2. 8 Todavia, como invoca a Recorrente, a alínea b) do nº 9 do artigo 18º do CIRC remete-nos para o nº3 do artigo 45º do CIRC, cuja aplicação é de âmbito geral. Sucede que, como vimos, o tribunal “a quo” considerou a este propósito que tendo as sociedades em que a Impugnante detinha as participações sido dissolvidas e liquidadas, esta situação configura realidade distinta daquela que constitui a previsão do n.º 3 do artigo 45.º do CIRC que, por isso, não é suscetível de aplicação.
2. 9 Ou seja, atento que se está perante uma extinção das participações decorrente da dissolução das sociedades participadas, esta realidade não é subsumível na previsão do nº3 do artigo 45º do CIRC.
2. 10 Este entendimento seguiu de perto a jurisprudência deste tribunal, designadamente espelhada no acórdão de 17/02/2016, proferido no processo nº 01401/14, no qual se concluiu que prevendo o CIRC um regime especial no artigo 81º, nº2, alínea b), nos casos de dissolução e partilha da sociedade, é afastada a aplicação do disposto no nº3 do artigo 45º do mesmo Código. Jurisprudência esta reiterada no acórdão de 14/10/2020, proc. nº 01055/18.BEBRG, e de 16/02/2022 proc. nº 0194/15.0BEAVR.
2. 11 Nessa medida, sendo aplicável o regime previsto no artigo 81º, nº2, alínea b) do CIRC, entendeu o tribunal “a quo” que competia à impugnante «…ter trazido aos autos os factos que permitissem perceber se teria havido, ou não, menos-valia na sequência da liquidação daquelas sociedades comerciais, ónus que a Impugnante não cumpriu (artigo 74.º, n.º 1 da LGT)».
2. 12 Como se alcança da sentença recorrida, a Recorrente nunca invocou a aplicação do disposto no artigo 81º do CIRC, mas sim que não sendo aplicável o disposto no nº9 do artigo 18º do CIRC seria aplicável o disposto no nº3 do artigo 45º do CIRC, argumentação que reitera nas alegações dirigidas a este tribunal.

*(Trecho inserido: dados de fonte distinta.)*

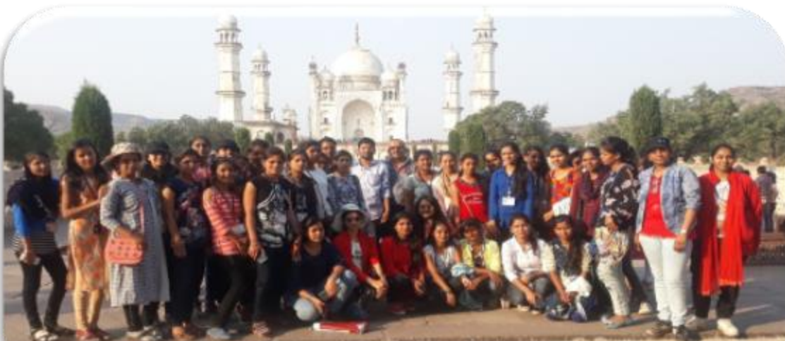
Bibi Ka Makbara, Aurangabad 16/02/2020
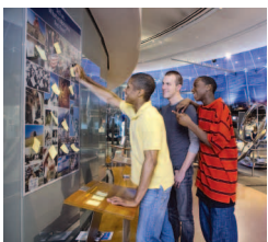
6 At "talk-back walls", visitors respond to the sort of broad questions the Founders considered and voice their opinions on Post-It notes.
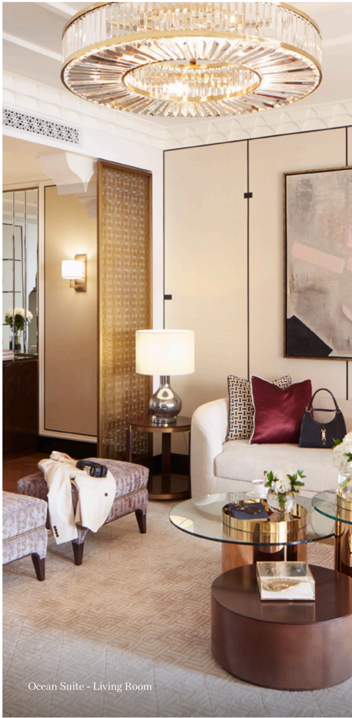
Ocean Suite - Living Room
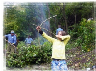
One of the junior members getting to grips with the art of archery!

group of 27 merry workers downed tools on the hill and tucked into fire-cooked potatoes flavoured with garlic
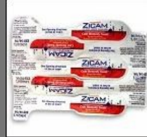
Glassine VMCH Paper
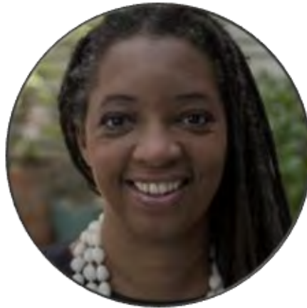
Sonita Alleyne OBE Master Jesus College

Setting the scene: the role of policy in shaping cultural sustainability
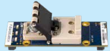
Compatible Programmers: 9th Gen, 8th Gen, 7th Gen, 6th Gen
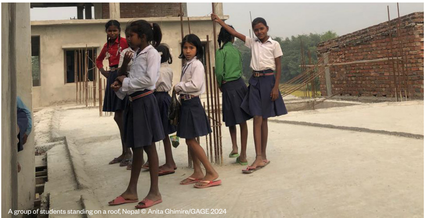
A group of students standing on a roof, Nepal

At baseline, in the month preceding the survey, the largest proportion of girls from both treatment and control groups reported not having visited the playground in the last month; by midline, this had increased to 66% for the treatment group (from 34% at baseline) and 51% (from 42%) for the control group.
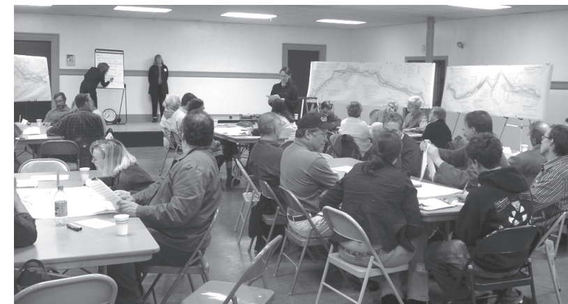
Participants at the April 26, 2006 Community Meeting reviewed draft plans and made recommendations for modifications.

* Stations will be set up illustrating the plan elements, with Project Team Members available to talk with attendees. A brief presentation at 7:15 p.m. will be followed by discussion groups and a Question and Answer period. (Map of meeting location on back page)
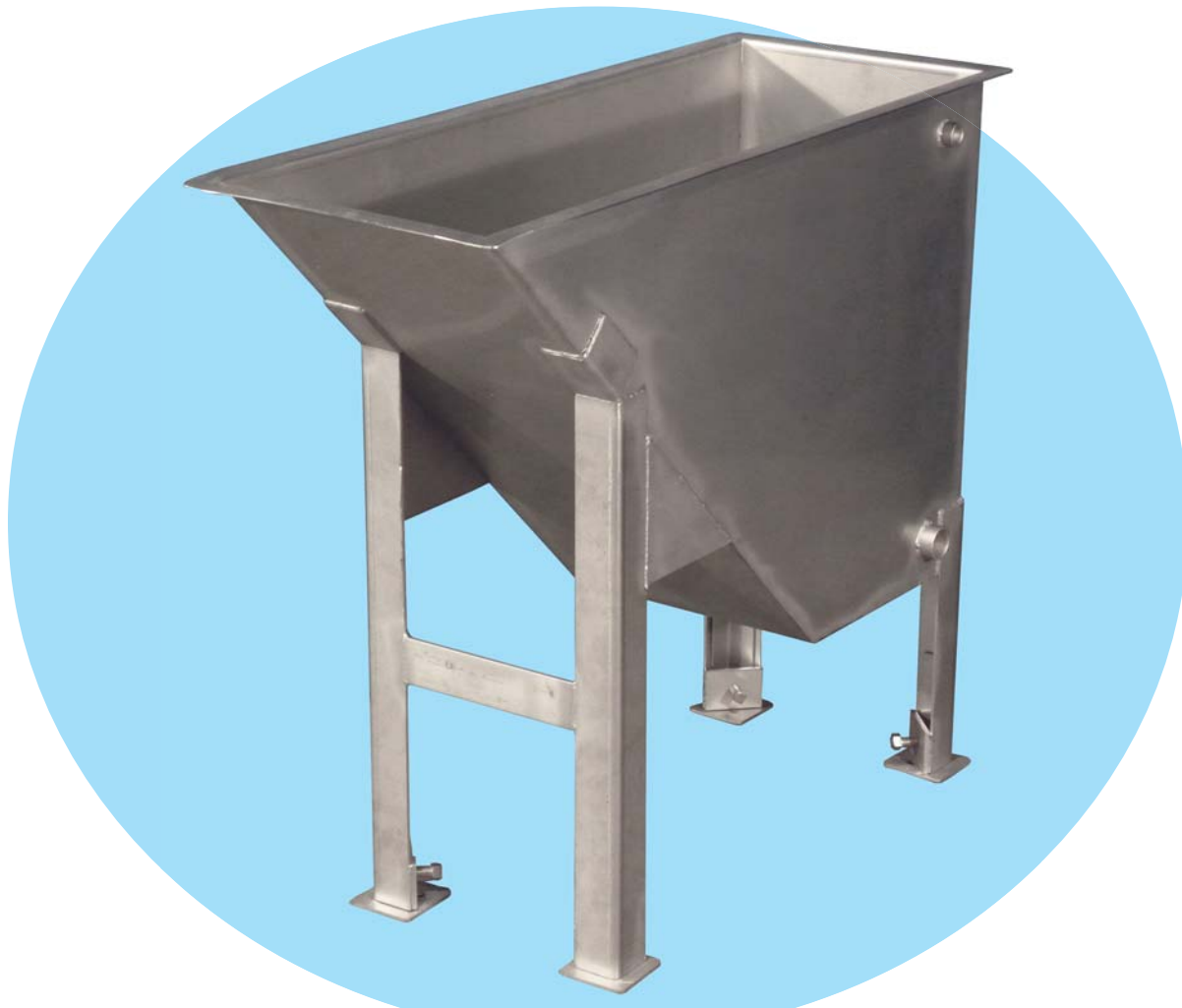
Saw Sterilizer with Steam Coupling - SZ101012

Our Stainless Steel Saw Sterilizer boxes are designed for use in food processing industry. The Saw Sterilizer is produced in three sizes. Model B - for use with "L" type on-the-rail beef breastbone openers and with hog breastbone openers, air or electric. Model A - is for use with all other saws on the floor. Model AH - is for use with platforms. All units feature adjustable legs for leveling, sanitary rounded corners, a 1" overflow outlet on the side of unit as well as a drain in the bottom.

2. 13 Entende, contudo, a Recorrente que o Tribunal “a quo” ao considerar aplicável o disposto no citado artigo 81º do CIRC se está a substituir à AT adiantando uma outra fundamentação para o ato tributário, o que lhe está vedado.
2. 14 Afigura-se-nos, salvo melhor opinião, que não lhe assiste razão. Na verdade, o tribunal “a quo” limitou-se a apreciar da possibilidade de aplicação do disposto no artigo 45º, nº3, do CIRC, que era invocada pela Recorrente como fundamento da ilegalidade das correções feitas pela AT. E só nessa medida entendeu ser aplicável o disposto no artigo 81º do CIRC, cujo regime especial afastava a aplicação daquele outro normativo.

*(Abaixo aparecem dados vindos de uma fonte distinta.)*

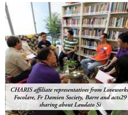
CHARIS affiliate representatives from Loveworks, Focolare, Fr Damien Society, Barre and acts29 sharing about Laudato Si

Participants interviewed said that faith formation and a desire for a deeper understanding of the Christian faith were the main reasons for attending these talks. They spoke about the need
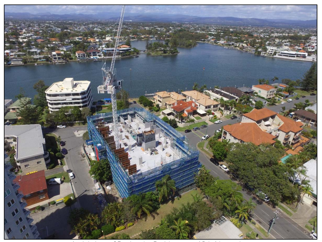
Aerial view of Peninsular Residences – 13th November
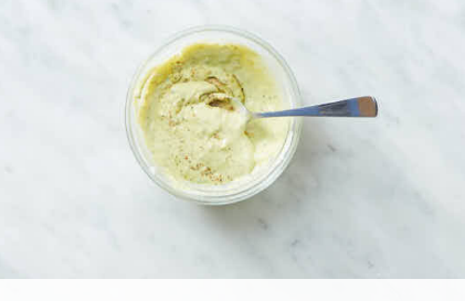
4. Make avocado crema

Meanwhile, to bowl with remaining lime juice , add guacamole and sour cream ; stir to combine. Season to taste with salt and pepper .
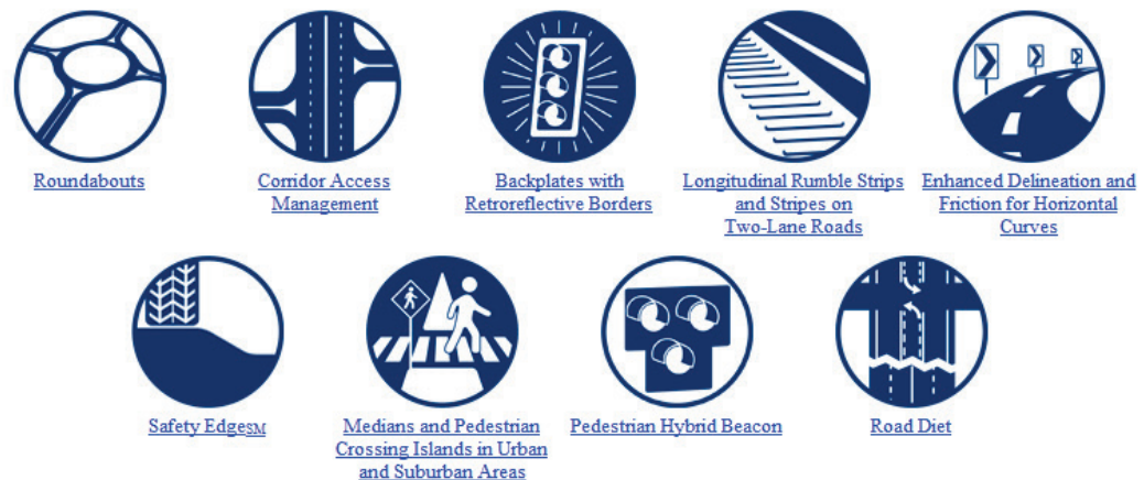
Figure 2.2 Screenshot of Proven Safety Countermeasures

The Office of Safety defines nine Proven Safety Countermeasures, shown in Figure 2.2. They encourage their partners to "continue to strengthen their evidence-based decisionmaking processes, as highlighted in the Highway Safety Manual, and systemic planning approaches to make improved safety investment decisions." The Office of Safety takes on the role of "continu[ing] to provide guidance and technical assistance to encourage these practices. We will also continue to research, identify and advance proven safety countermeasures and to provide those countermeasures to you and our partners so they can be integrated into this approach and used to help save lives and prevent serious injuries." 1
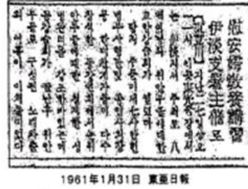
Fig. 4: Articles from Dong-a Ilbo dated January 31, 1961 (left) and September 14 of the same year (right) about Korean government establishing brothels for American GIs

patronize a prostitute, but they are in for a huge surprise. They are still doing what Japanese military personnel were doing during World War II. The only difference is how the prostitutes were hired (domestically or locally).
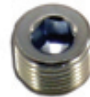
Part # 16141P 1/8 Npt Plug
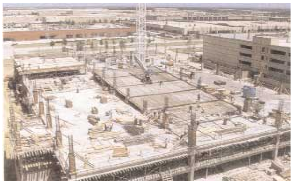
American Airlines parking expansion utilizes more than 460 tons of prestressing strand.

VSL's Dallas, TX office is currently involved in the second phase of construction for the American Airlines parking complex that includes approximately 1,650,000 square feet (153,000m 2 ) of elevated concrete deck. The initial phase of construction was completed by VSL in 1986 and included 700,000 square feet (65,000m 2 ). Construction of the second phase began in April 1989. The structural frame was completed in December 1989. The structural framing system consists of post-tensioned beams spanning 60ft (18.3m) and 7in. (180 mm) post-tensioned slabs spanning 27 ft (8.2m). Post-tensioning is also used for slab temperature reinforcing. ■

2. 15 Ora, continuando a pugnar pela aplicação do disposto no nº3 do artigo 45º do CIRC, com a invocação de jurisprudência deste tribunal que não é transponível para o caso concreto (acórdão de 10/11/2021, proferido no proc. 02410/14.7BELRS), o presente recurso está votado ao insucesso.
2. 16 Entendemos, assim, que a sentença recorrida não padece do vício que lhe é assacado pela Recorrente, motivo pelo qual se impõe a sua confirmação, julgando-se improcedente o recurso.»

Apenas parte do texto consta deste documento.